HH: I visited the Democratic Republic of Congo, El Salvador, Lebanon, and Liberia. And then the other four countries that I did intense research and hired other people to help research were Afghanistan, Iraq, Yemen, and Egypt.
LA: You list off those countries, and at first listen, you might think that's quite like a sort of disparate list of places. But there's a through line and a thread that stitches them all together and is why you chose them. What is that thread?
HH: Yeah, so I wanted to examine countries that there was conflict and instability. There was refugee and migration, humanitarian crisis, and then historical and cultural significance. Some of these countries are the oldest civilization on earth. I wanted to talk about that because oftentimes when we hear about these places, even though the through line of this book is a part of my story, which is civil unrest, and I wanted to examine that for my own reasons and also for the purpose of saying, "Hey, here's another way to look at these people." And so this book, there's no sad stories in it, and I say that about my own life. I have no sad stories to tell.
LA: And that there isn't this sort of two-dimensional view of what a person from X country is like or if they choose to leave, what their life as a displaced person could be.
HH: Correct. Because the desires are the same no matter where we are. We're a lot more alike than different.
LA: Could you tell me a little bit more about how you were weaving your own personal story into the book, or at least how it was driving the book?
HH: Yeah, so originally when I started thinking about food in 2014, I was so curious about my own personal story and I wanted to confront so much the otherness of my own life.

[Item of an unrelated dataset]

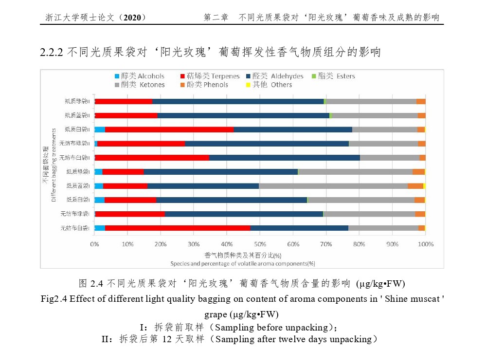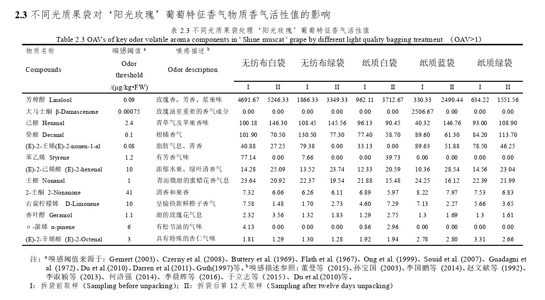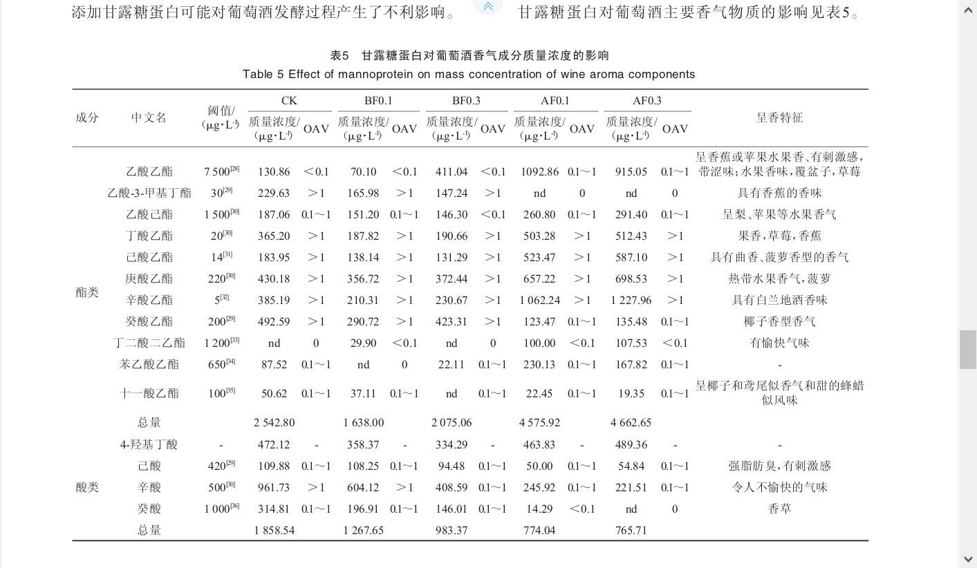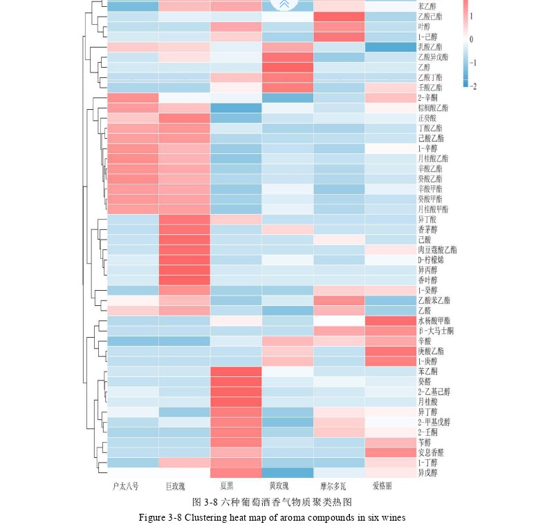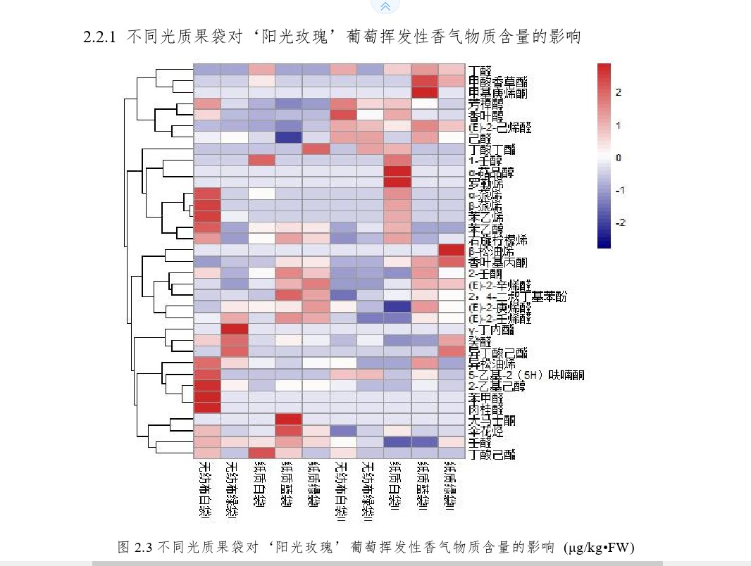计算好每个样品的香气物质含量及重复之间的均值和标准偏差,然后就可以对其进行分类,分类方式很多,需要根据样品的类型选择合适的分类方式。以阳光玫瑰葡萄果实香气为例,一般可以分为醇类、醛类、酯类、酸类、酮类、萜烯类和其他共七大类,这里的其他包括苯类衍生物、烯烃等复杂化合物,注意烷烃不属于香气物质,推荐查找文献参考多种分类方式。分类是一个工作量比较大的工作,这里有一些技巧,比如-al结尾的一般是醛类,-ol结尾的是醇类,带acid的一般是酸类或者某酸某酯,-one结尾的一般是酮类,-ate结尾的一般是酯类,ene和ane一般是苯环衍生物、烯烃或者烷烃。 香气能被人鼻子嗅出来,这里就得牵涉到香气阈值和气味活度值(OAV),这个工作量也比较大,得一个一个在文献或者网站查找,还需注意,不同物质在不同溶剂体系中的香气阈值是不同的,别找错了。上面两个我推荐的网站都可以查找香气物质的香型描述,可以记录下样品中主要物质的香气特征,方便进行后续的结果分析与讨论。

When you've been separated from your family or from your homeland, there's a desire to return always in hopes of finding yourself or finding out new information, like, "I want to discover more of who I am," and that's what this book was for me. That's what all my work is. In Bibi's Kitchen was a selfish project. I wanted to preserve those stories. I wanted to make Africa accessible. I wanted to talk about the Indian Ocean from an African's perspective. This book is the same. I want to talk about displacement from a displaced person's perspective. It's not all sad and gloom. It's not doom and gloom.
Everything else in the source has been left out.